Lieber Bruder, Doktor Ahmad al-Tayyeb, Großimam von al-Azhar, liebe Mitglieder des Muslim Council of Elders, liebe Freunde, As-salamu alaikum!
Ich grüße euch herzlich und wünsche, dass der Friede des Allerhöchsten auf jeden von euch herabkommen möge: auf euch, die ihr euch für die Versöhnung einsetzen wollt, um Spaltungen und Konflikte in den muslimischen Gemeinschaften zu vermeiden; auf euch, die ihr im Extremismus eine Gefahr seht, die die wahre Religion zersetzt; auf euch, die ihr euch bemüht, Fehlinterpretationen auszuräumen, welche durch Gewaltanwendung ein religiöses Bekenntnis missverstehen, instrumentalisieren und beschädigen. Möge der Friede auf euch herabkommen und euch erhalten bleiben, die ihr ihn verbreiten wollt, indem ihr den Herzen die Werte des Respekts, der Toleranz und der Mäßigung einflößt; auf euch, die ihr freundschaftliche Beziehungen, gegenseitigen Respekt und gegenseitiges Vertrauen gegenüber denjenigen fördern wollt, die wie ich einem anderen religiösen Glauben anhängen; auf euch, Brüder und Schwestern, die ihr bei den jungen Menschen eine moralische und intellektuelle Erziehung befördern wollt, die sich allen Formen des Hasses und der Intoleranz entgegenstellt. As-salamu alaikum!
Gott ist Quelle von Frieden. Er gebe, dass wir überall Kanäle seines Friedens sind! Vor euch möchte ich noch einmal betonen, dass der Gott des Friedens niemals zum Krieg anleitet, niemals zum Hass aufstachelt und niemals Gewalt unterstützt. Und wir, die wir an ihn glauben, sind aufgerufen, den Frieden zu fördern durch Instrumente des Friedens wie die Begegnung, geduldige Verhandlungen und den Dialog, der der Sauerstoff des Zusammenlebens ist. Eines eurer Ziele ist die Verbreitung einer Kultur des Friedens, die auf Gerechtigkeit beruht. Ich möchte euch sagen, dass dies der Weg, ja der einzige Weg ist, denn der Friede »ist Werk der Gerechtigkeit (Gaudium et spes, 78). Er entspringt also der Geschwisterlichkeit, wächst durch den Kampf gegen Ungerechtigkeit und Ungleichheit und wird aufgebaut, indem man den anderen die Hand reicht« (Ansprache anlässlich der Verlesung der Abschlusserklärung und des Abschlusses des »VII. Congress of Leaders of World and Traditional Religions«, 15. September 2022). Es reicht nicht, Frieden bloß zu verkünden, er muss auch verwurzelt werden. Und dies ist möglich, wenn Ungleichheit und Diskriminierung, die zu Instabilität und Feindseligkeit führen, beseitigt werden.

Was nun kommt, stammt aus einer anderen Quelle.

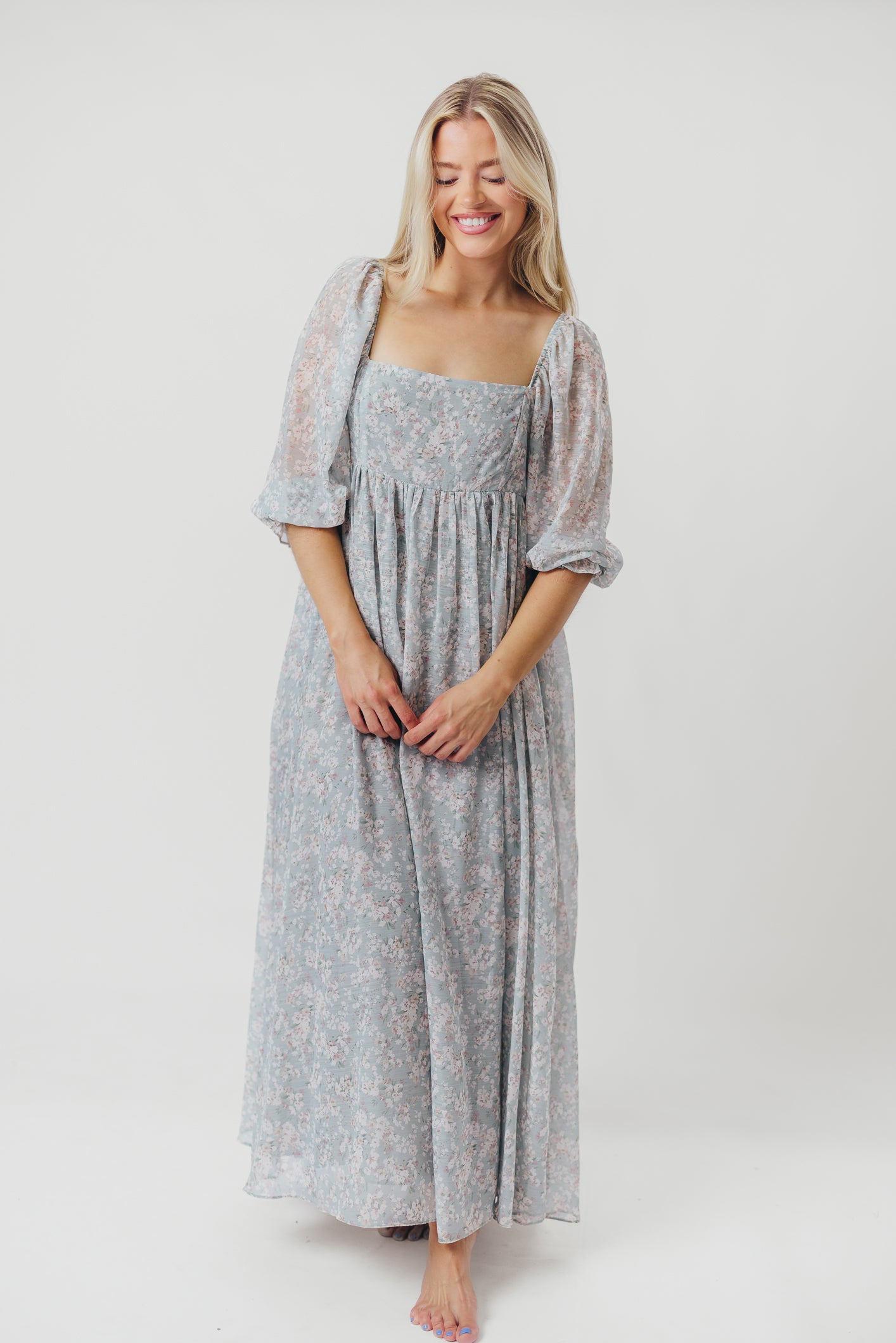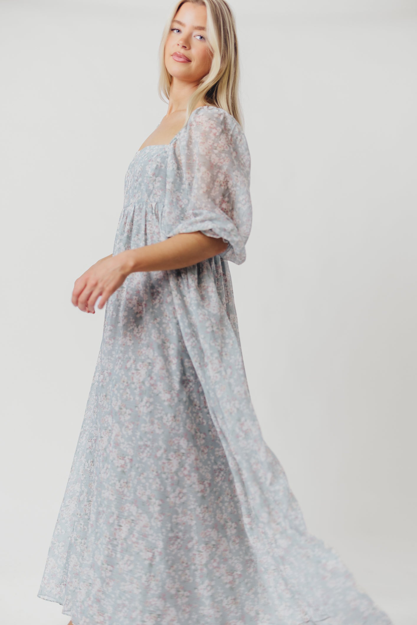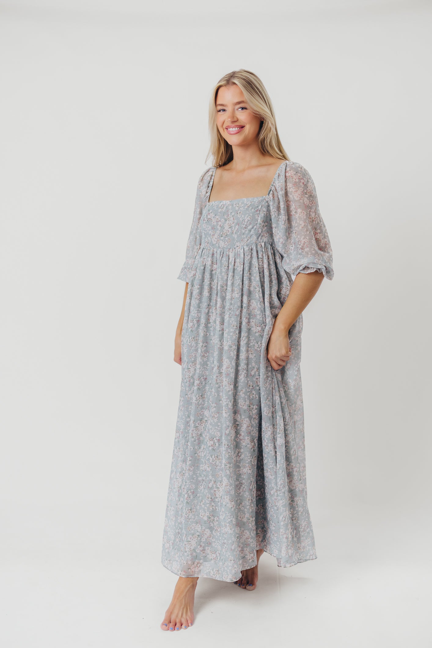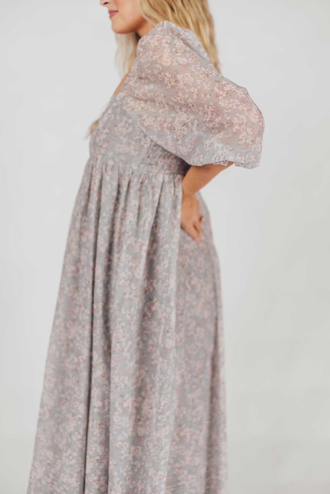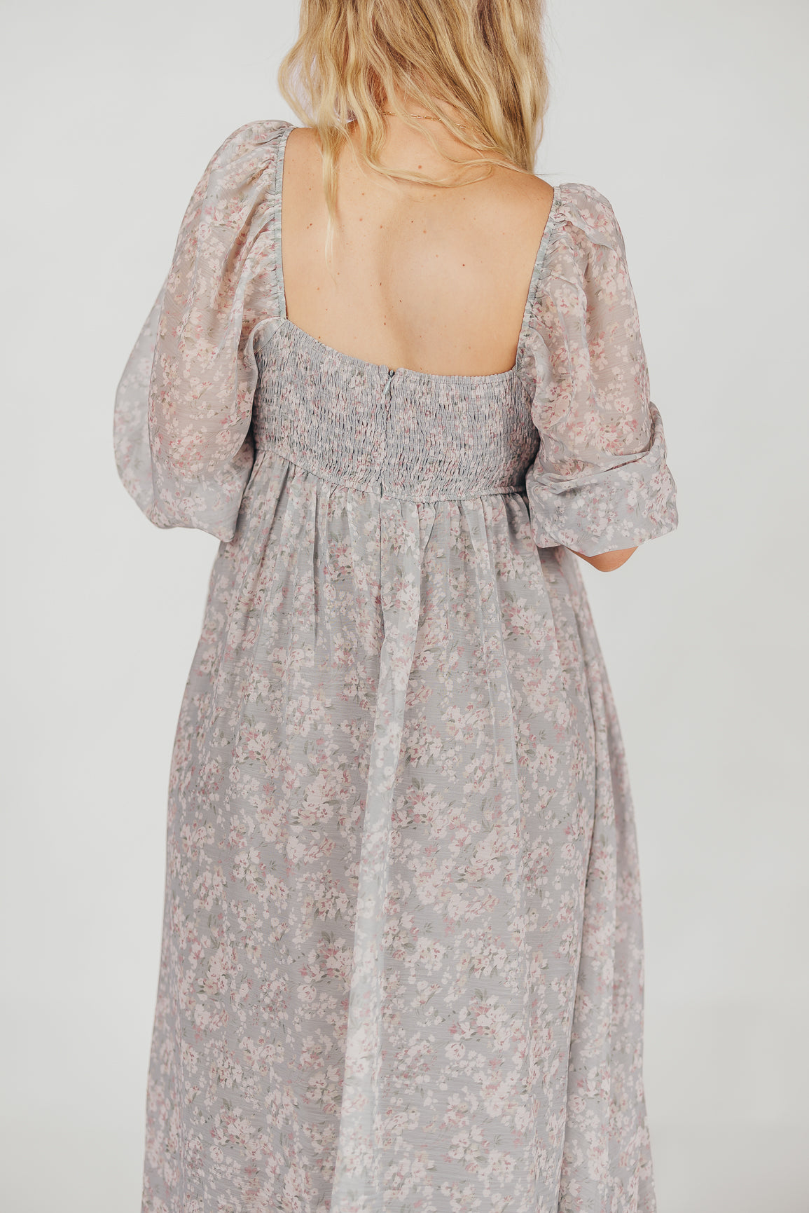 GARMENT DETAILS: Empire-waisted maxi dress in a pastel floral pattern. Features square neckline, sheer 3/4 length puffed sleeves, and bust darts, with a stretchy, smocked back panel. Lined.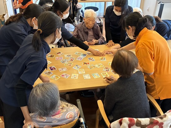 ミャンマー出身の特定技能生たちにとっては、初めて見るかるたに興味津々(≧▽≦)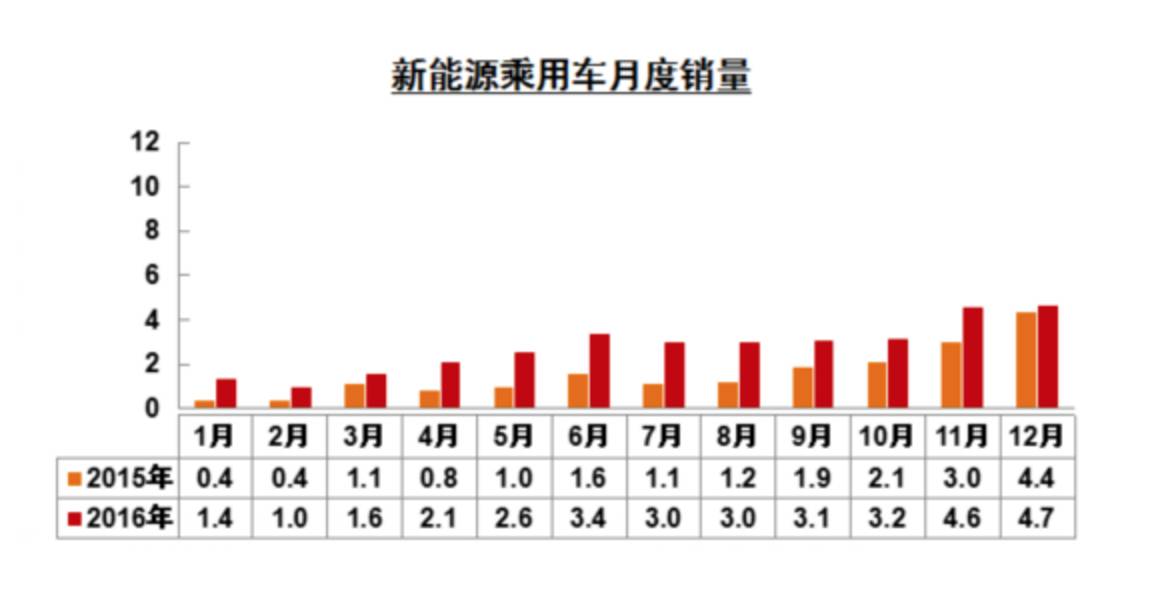 据统计,目前国内在建中的电动汽车产能已经超过200万辆,而目前电动汽车的销量还远不及预期。中国汽车工业协会的数据显示, 2016年纯电动乘用车产销分别完成26.3万辆和25.7万辆,产销虽同比分别增长了73.1%和75.1%,但增速明显放缓。根据工信部牵头指定的《汽车产业中长期发展规划》,明确到2020年,我国新能源汽车年产量将达到200万辆。如今产能提前达标,销售还未见放量。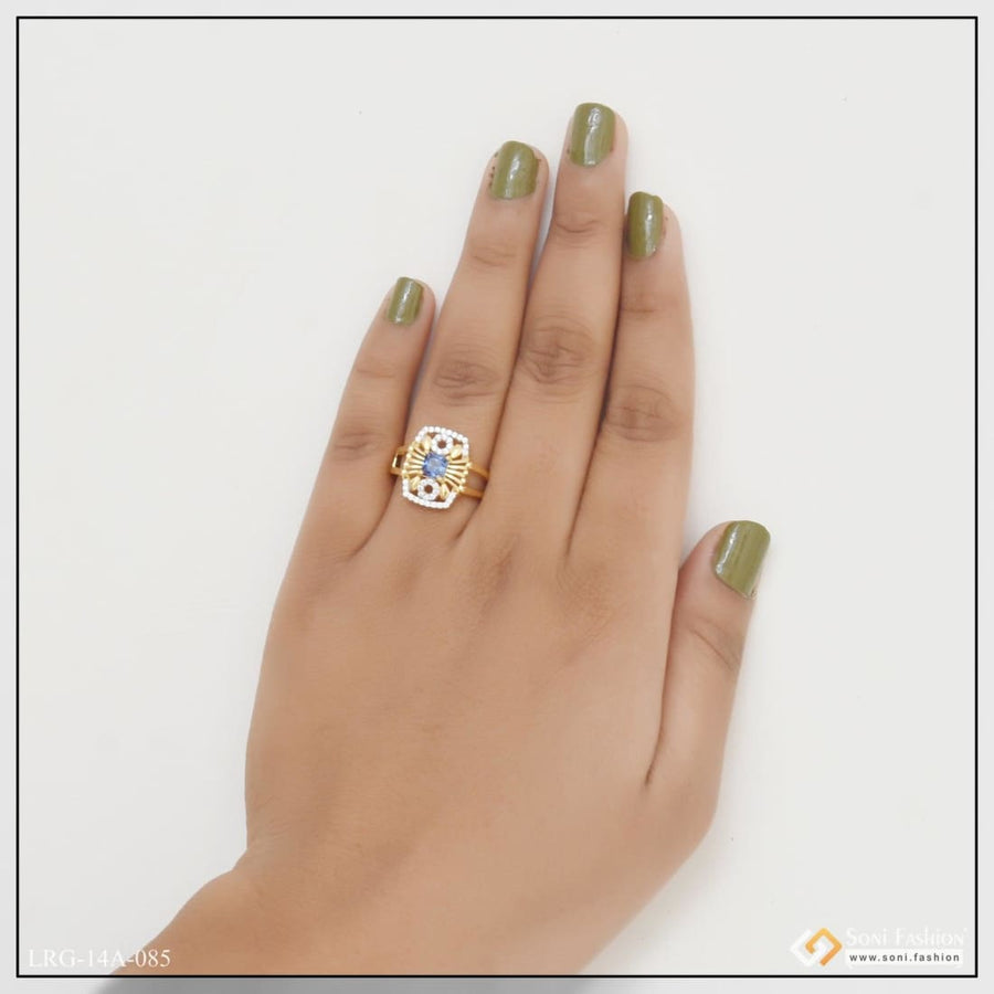 1 Gram Gold Plated Blue Stone With Diamond Designer Ring For Ladies - Style Lrg-087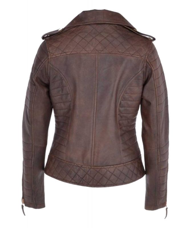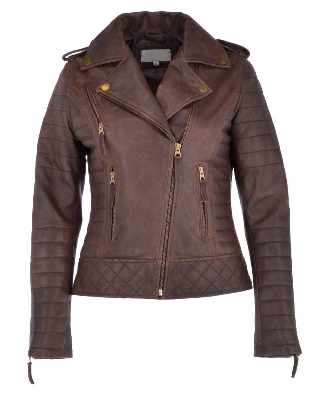 Grab the attention of the audience in all casual and formal events with the specified Women’s Biker Distressed Leather Jacket. This outfit will boost the elegance of your stunning appearance and magnificent look with your formal apparel. Also, it features an asymmetrical style and four front zipper pockets with padded and quilted style, so put your hands on it before it goes out.

Ich danke euch für euer Engagement in diesem Sinne sowie für den Empfang, den ihr mir bereitet, und die Worte, die ihr geäußert habt. Ich komme zu euch als Gottgläubiger, als ein Bruder und Pilger des Friedens. Ich komme zu euch, um mit euch gemeinsam unterwegs zu sein, im Geiste von Franz von Assisi, der zu sagen pflegte: »Wie ihr mit dem Mund den Frieden verkündet, so, und noch mehr, sollt ihr ihn in eurem Herzen festhalten« (Dreigefährtenlegende, XIV, 5: FF 1469). Es hat mich berührt zu sehen, dass es in diesen Ländern hier Brauch ist, beim Willkommenheißen eines Gastes nicht nur dessen Hand zu ergreifen, sondern die Hand als Zeichen der Zuneigung auch zum eigenen Herzen zu führen. Wie um zu sagen: Deine Person bleibt mir nicht fern, sie tritt in mein Herz ein, in mein Leben. Auch ich führe die Hand mit respektvoller Zuneigung zum Herzen, schaue jeden von euch an und lobe den Allerhöchsten dafür, dass dieses Treffen möglich wurde.
Ich glaube, dass wir es immer nötiger haben, einander zu begegnen, uns kennenzulernen und unsere Herzen füreinander zu öffnen, die Wirklichkeit vor die Ideen zu stellen und die Menschen vor die Meinungen, das Offensein für den Himmel vor die Entfernungen auf der Erde: eine Zukunft der Geschwisterlichkeit vor eine Vergangenheit der Feindseligkeit, indem wir Vorurteile und Missverständnisse aus der Geschichte im Namen dessen überwinden, der die Quelle des Friedens ist. Wie werden sonst die Gläubigen verschiedener Religionen und Kulturen zusammenleben, sich gegenseitig annehmen und wertschätzen können, wenn wir einander fremd bleiben? Lassen wir uns von dem Ausspruch Imam Alis leiten: »Es gibt zwei Arten von Menschen: entweder sind sie deine Brüder im Glauben oder deine Mitmenschen«; und fühlen wir uns gerufen, uns um all jene zu kümmern, die uns die göttliche Vorsehung in dieser Welt an die Seite gestellt hat. Ermahnen wir uns gegenseitig dazu, »das Vergangene beiseite zu lassen, sich aufrichtig um gegenseitiges Verstehen zu bemühen und gemeinsam einzutreten für Schutz und Förderung der sozialen Gerechtigkeit, der sittlichen Güter und nicht zuletzt des Friedens und der Freiheit für alle Menschen« (Nostra a e ta te , 3). Dies sind Aufgaben, die uns, den religiösen Führern, zukommen: Angesichts einer zunehmend verwundeten und zerrissenen Menschheit, die unter dem Gewand der Globalisierung mit Sorge und Angst atmet, müssen die großen Glaubensbekenntnisse das Herz sein, das die Glieder des Leibes vereint, die Seele, die den höchsten Bestrebungen Hoffnung und Leben verleiht. [...]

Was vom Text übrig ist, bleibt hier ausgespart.